«Noi, cristiani in India senza casa nè terra»
Fondamentalisti indù scatenati. E guai a chi soccorre i perseguitati. In Kandhamal, a due anni e mezzo dall’ondata di violenza, non c’è pace per cattolici e protestanti.
Boscaglia e cespugli ricoprono la struttura scoperchiata di quello che era stato un vasto edificio adibito ad uffici a Paburia. Nel villaggio di Beticola ruderi di decine di case più o meno ampie si stagliano contro il cielo. Anche lì una vegetazione spontanea si arrampica ora su mura diroccate, si infiltra fra cumuli di mattoni e detriti vari, e ricopre quasi per intero la strada che porta agli edifici devastati. Un qualsiasi visitatore occasionale giungerebbe alla naturale conclusione che il prospero villaggio sia stato sconvolto da un violento terremoto.
Sono immagini forti, che evidenziano in tutta la sua drammaticità la tragedia abbattutasi sull’attiva comunità cristiana locale in un Kandhamal senza pace. Le 54 famiglie cattoliche che abitavano a Beticola oggi lottano sul desolato pendio di una montagna, a Nandagiri, 18 chilometri più in là, per ricostruire da zero la loro vita. «Vivevano bene al villaggio. Date un’occhiata alla nostra situazione attuale» dice Chrisando Mallick, muratore, oggi a Nandagiri, dopo che nel maggio 2009 il campo profughi, dove le famiglie della distrutta Beticola avevano trovato un primo rifugio, è stato chiuso.

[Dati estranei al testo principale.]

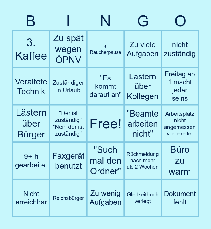 This bingo card has a free space and 24 words: Faxgerät benutzt, Reichsbürger, "Es kommt darauf an", Nicht erreichbar, nicht zuständig, 3. Kaffee, Veraltete Technik, Zu spät wegen ÖPNV, "Beamte arbeiten nicht", "Such mal den Ordner", Lästern über Kollegen, Lästern über Bürger, Rückmeldung nach mehr als 2 Wochen, Büro zu warm, Zuständiger in Urlaub, Gleitzeitbuch verlegt, Arbeitsplatz nicht angemessen vorbereitet, 3. Raucherpause, Freitag ab 1 macht jeder seins, "Der ist zuständig" "Nein der ist zuständig", Dokument fehlt, 9+ h gearbeitet, Zu viele Aufgaben and Zu wenig Aufgaben.

Il destino di questi 54 nuclei è probabilmente il peggiore fra quelli di altre migliaia di cristiani cacciati dai villaggi a causa della loro fede: non hanno soltanto perso le loro case, saccheggiate e distrutte così come la chiesa costruita nel 1956, ma hanno anche dovuto subire l’infamia di un ostracismo a vita dalla loro terra. E questo spiega perché la devastata Beticola sia rimasta dimenticata, mentre la maggior parte degli insediamenti cristiani del Kandhamal stiano gradatamente, seppur a fatica, tornando alla normalità, due anni e mezzo dopo le violenze subite. «Gli indù fondamentalisti ci hanno impedito di tornare a casa, ed il governo non ha fatto nulla in senso contrario: ci ha soltanto permesso di insediarci qui, mettendoci a disposizione del terreno», continua Chrisanto.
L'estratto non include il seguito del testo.